Zudem sollen größere Startup-Finanzierungen durch deutsche Staatsfonds mehr privates Kapital mobilisieren. Dazu stehen mehrere Vehikel bereit, die zuletzt mitunter Budget-Zusagen im neun- bis zehnstelligen Bereich bekommen haben, etwa „Scale-up Direct“ von KfW Capital, für das bis Ende 2030 eine Milliarde Euro vorgesehen ist, womit Einzelinvestments bis zu 50 Millionen Euro umgesetzt werden können.

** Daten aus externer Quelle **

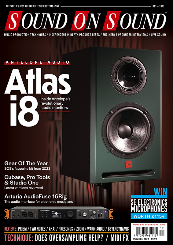 REVIEWS: Antelope Audio Atlas i8 [front cover] • Gear Of The Year 2023 • beyerdynamic M Series • Steinberg Cubase Pro 13 • PreSonus Studio One 6.5 • Avid Pro Tools 2023.9 • Arturia AudioFuse 16Rig • Harrison 32Classic console • PreSonus Eris 3.5 BT monitors • Zoom UAC-232 audio interface • Prism Sound Dream ADA-128 • Akai APC64 controller • Two notes OPUS amp modeller • Warm Audio WA-1B compressor • Strymon Brig delay pedal • LANDR Mastering Plugin • Modartt Organteq 2 • ASI Audio 3DME in-ear monitors • Sonible pure:EQ • Toontrack Stories drum library • Pope Audio PRE-BX • RYK Night Rider • UJAM Ufx Reverb • Sample Libraries — and many more reviews!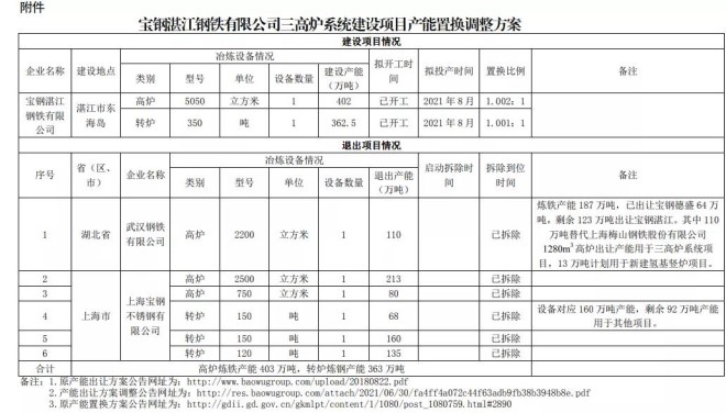 寶鋼湛江鋼鐵三高爐項目產能置換調整方案公示

Beteiligungsfreibetrag in Österreich weiterhin nur am Wunschzettel

Wie die angedachten steuerlichen Begünstigungen konkret aussehen sollen, ist aktuell noch nicht bekannt. Ein typisches Modell wäre ein Beteiligungsfreibetrag nach Vorbild des Vereinigten Königreichs, wie er auch von den österreichischen Startup-Stakeholdern seit Jahren gefordert wird. Hierzulande schaffte es diese Maßnahme abermals nicht ins laufende Regierungsprogramm – dem Vernehmen nach vor allem wegen Widerständen des Koalitionspartners SPÖ. Dass nun im Nachbarland mit Lars Klingbeil ein sozialdemokratischer Minister einen solchen Vorschlag von sich aus aufs Tapet bringt, ist in diesem Kontext durchaus bemerkenswert.